> Exercise brief:
Would you restate each line of the data below word for word, without its pictures?

> Data below:

* * * *

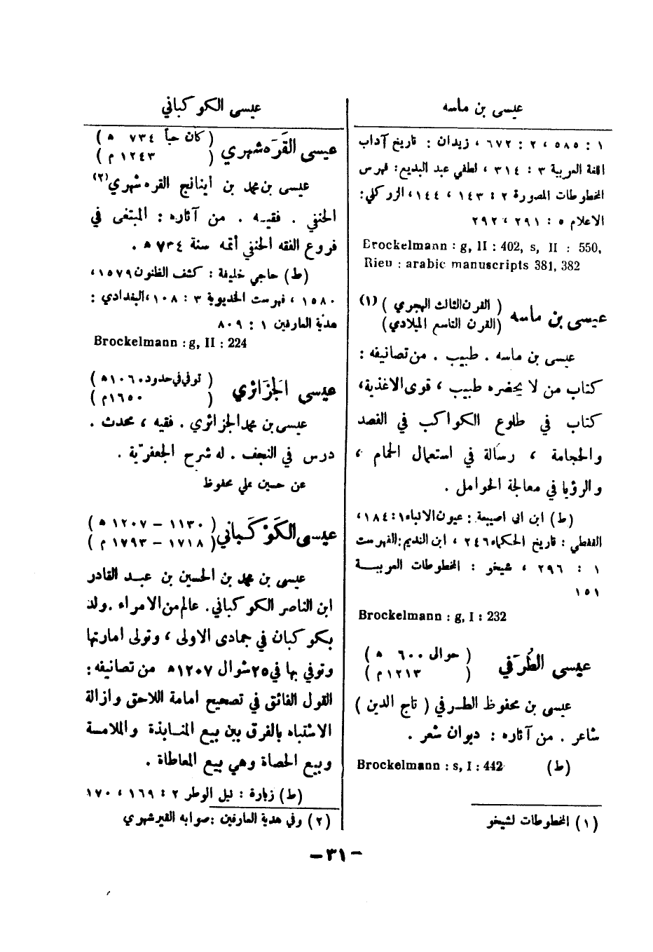 (ط) حاجي خليفة: كشف الظنون 1579، 1580، فهرست الخديوية 3: 108، البغدادي: هدية العارفين 1: 809 224: Brockelmann: g , II عيسى الجزائري (توفي في حدود 1060 هـ) (1650 م) عيسى بن محمد الجزائري.
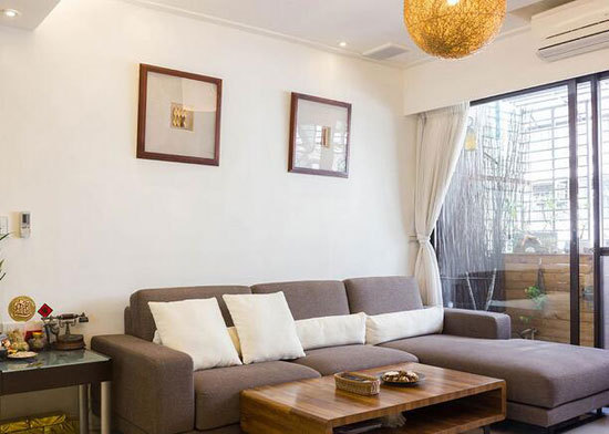 落地窗透出阳台的花园意境,室内以竹编灯饰、木作茶几与朴实意象的画作搭佐下,藉由自然元素串连起内外空间。
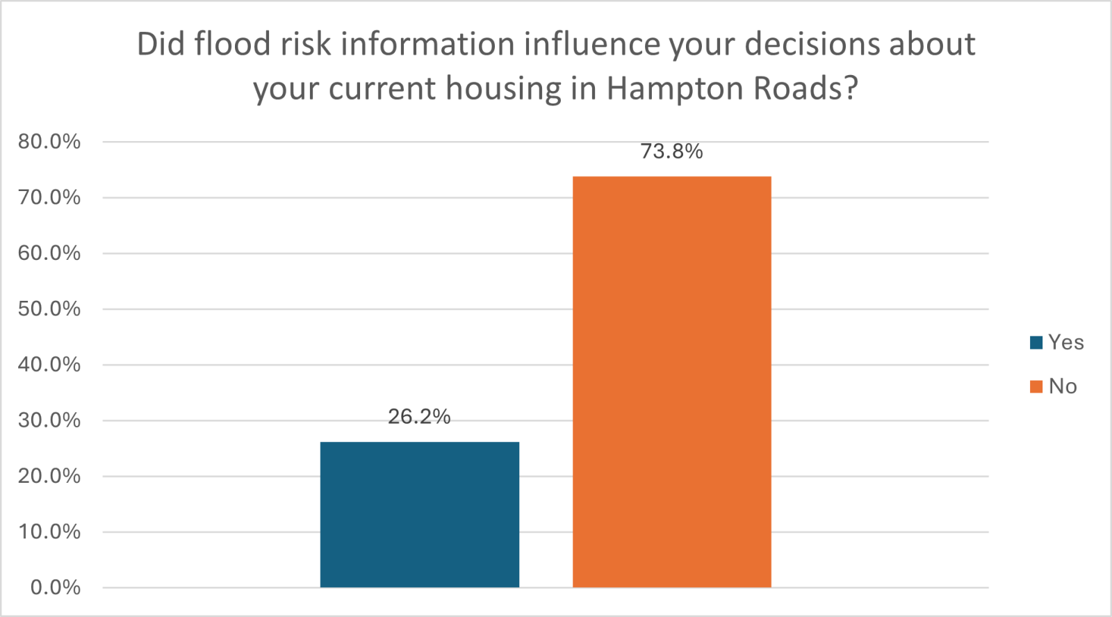 Residents were asked if flood risk information influenced their decisions about their current housing in Hampton Roads and the majority of residents (73.8%) said the flood risk information did not influence their decisions. Of the respondents who indicated they were influenced by the flood risk information, 62.8% believe flood risks significantly influenced their choice of neighborhood, 37.2% were significantly influenced whether to buy or rent their home and 21.3% reported that flood risks influenced some other aspects of their housing decision. Of those respondents who reported they were not influenced by flood risk information, 56% said they were aware of flood risk information, but that information did not influence their current housing decision and 43.6% were unaware of any flood risk information before making a decision about their current housing.

* * * *

> Output:
 (ط) حاجي خليفة: كشف الظنون 1579، 1580، فهرست الخديوية 3: 108، البغدادي: هدية العارفين 1: 809 224: Brockelmann: g , II عيسى الجزائري (توفي في حدود 1060 هـ) (1650 م) عيسى بن محمد الجزائري.
 落地窗透出阳台的花园意境,室内以竹编灯饰、木作茶几与朴实意象的画作搭佐下,藉由自然元素串连起内外空间。
 Residents were asked if flood risk information influenced their decisions about their current housing in Hampton Roads and the majority of residents (73.8%) said the flood risk information did not influence their decisions. Of the respondents who indicated they were influenced by the flood risk information, 62.8% believe flood risks significantly influenced their choice of neighborhood, 37.2% were significantly influenced whether to buy or rent their home and 21.3% reported that flood risks influenced some other aspects of their housing decision. Of those respondents who reported they were not influenced by flood risk information, 56% said they were aware of flood risk information, but that information did not influence their current housing decision and 43.6% were unaware of any flood risk information before making a decision about their current housing.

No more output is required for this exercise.